Defendant's objection to Detective Rome's testimony relating to extradition of defendant on the ground of relevancy was overruled by the trial judge. In brief to this court, defendant argues that evidence of defendant's flight constitutes an impermissible reference to another crime, viz., jumping bail.

Defendant was arrested by Detective Rome on March 15, 1977, on the charge of burglary of a pharmacy which took place on February 15, 1977. On March 30, 1977, defendant pleaded not guilty and the court ordered bond set at five thousand dollars. Thereafter, defendant appeared in court on numerous occasions in connection with pretrial motions filed by him. On July 29, 1977, bond was forfeited due to the nonappearance of defendant and the court ordered the issuance of an alias capias. *349 Thereafter, defendant was extradited from Florida (May 1978).

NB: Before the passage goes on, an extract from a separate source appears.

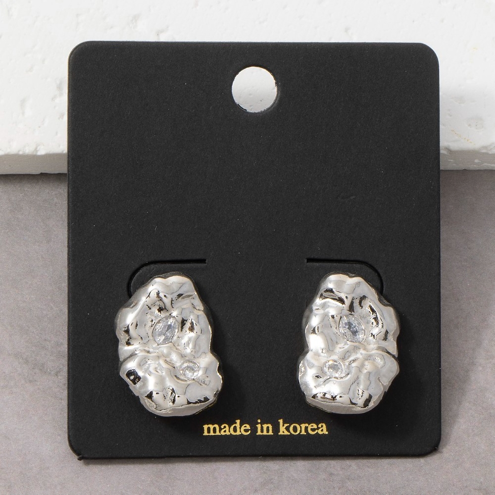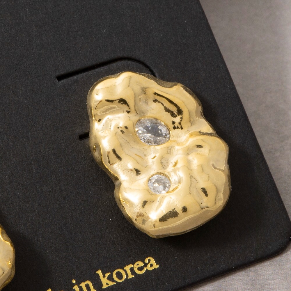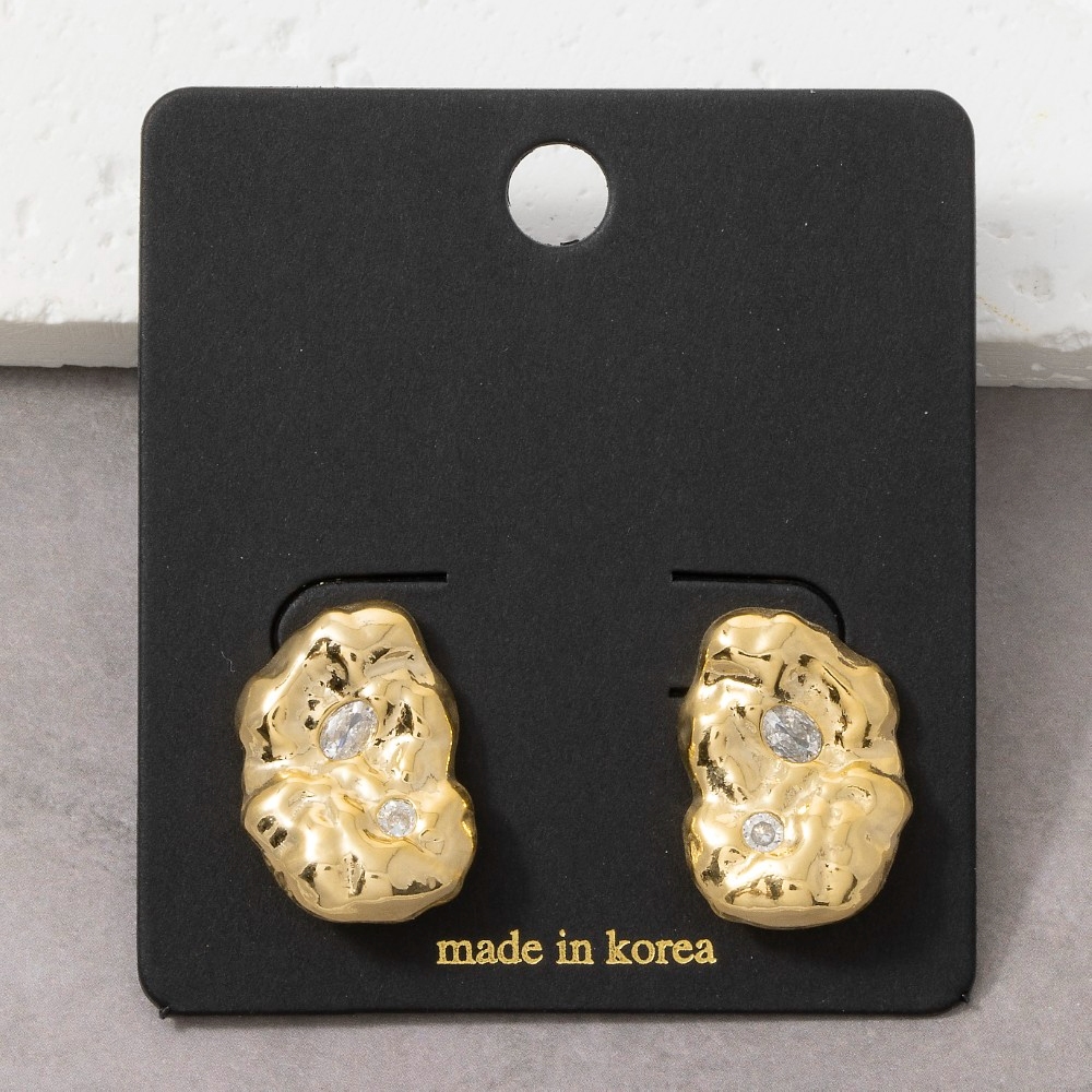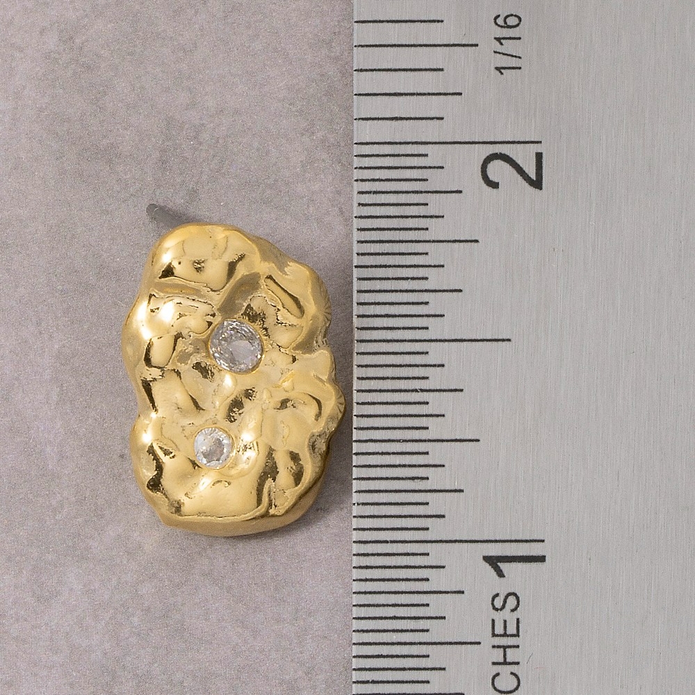 Unleash your inner fashionista, this pair of stud earrings incorporates a flawless hammered nugget with cubic zirconia accent design. The perfect pair of stud earrings for completing any outfit, whether you're dressing up or keeping it casual. Available in G, S. This item is sold in packs of 1.

Evidence of criminal acts of the accused designed to obstruct justice or avoid punishment for the present crime may be introduced as an admission by conduct, subject to the following safeguards: (1) before the evidence is introduced at all, there must be clear and convincing evidence of the commission of the other crimes and the defendant's connection therewith; (2) the evidence of the accused's conduct must be substantially relevant to show his consciousness of guilt of the crime charged; (3) the probative value of the extraneous crimes evidence must outweigh its prejudicial effect. State v. Lee, No. 65,064, 381 So.2d 792 (La., February 15, 1980); State v. Burnette, 353 So.2d 989 (La.1977).

In the instant case, there is no question but that defendant did in fact commit the offense of jumping bail. It appears from the record that the only charges pending against defendant at the time of his flight from this jurisdiction was the charge herein and the charge of possession of the drugs stolen in the burglary involved in this case. Defendant had been released on bail and was awaiting trial at the time of his flight. This case does not present a situation where the inference of guilt drawn from the flight of the accused was clouded by other factors, such as unrelated pending criminal charges, prison conditions or the desire for freedom, or a lack of confidence in a right to a speedy trial. We conclude therefore that defendant's flight from the state was relevant to show his consciousness of guilt, State v. Bolton, 354 So.2d 517 (La.1978) and State v. Davies, 350 So.2d 586 (La.1977), and that the probative value of this evidence outweighed its prejudicial effect. Hence, the evidence was properly admitted by the trial judge.

Assignments of Error Nos. 4 and 18 are without merit.

ASSIGNMENT OF ERROR NO. 8

Defendant contends the trial judge erred in allowing in evidence references to defendant's use of drugs during the testimony of Jarold Mueller, Rachael Nile and Lawana Sawyer. He argues that such evidence constituted evidence of other crimes which was inadmissible because the state failed to give him notice as required by La.Code Crim.P. art. 720.